Norbert Elgert

Personal information
- Date of birth: 13 January 1957 (age 68)
- Place of birth: Gelsenkirchen, Germany
- Height: 1.78 m (5 ft 10 in)
- Position: Forward

Youth career
- –1975: Westfalia Westerkappeln

Senior career*
- Years: Team / Apps / (Gls)
- 1975: Schalke 04 / 3 / (0)
- 1975–1978: Westfalia Herne / 14 / (3)
- 1978–1982: Schalke 04 / 74 / (17)
- 1982: VfL Osnabrück / 1 / (0)
- 1982–1985: Wattenscheid 09 / 61 / (16)
- 1985–1990: SuS Dinslaken

Managerial career
- 1990–1992: SV Schermbeck
- 1993: SuS Dinslaken
- 1993–1995: Wattenscheid 09 U19
- 1995–1996: FC Rhade
- 1996–2002: Schalke 04 U19
- 2002–2003: Schalke 04 (assistant)
- 2003–: Schalke 04 U19

= Norbert Elgert =

German footballer and manager

Norbert Elgert (born 13 January 1957) is a German football manager and former player. He is the manager of the U19 team of Schalke 04 since 1996 (with a short interruption).

Elgert won the German U19 championship with the team in 2006, 2012 and 2015.

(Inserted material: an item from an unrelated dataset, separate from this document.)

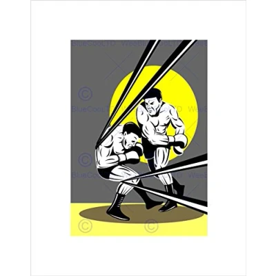 Wee Blue Coo PAINTING SPORT BOXING PUNCH ROPES FIGHT HOOK BLACK FRAMED ART PRINT B12X8441

He coached the later German world champions Mesut Özil, Manuel Neuer, Benedikt Höwedes and Julian Draxler as well as Leroy Sané, Joël Matip and Sead Kolašinac.

In 2013, he was named the German coach of the year by the German Football Association.

He is a member of the Schalke Hall of Fame ("Ehrenkabine").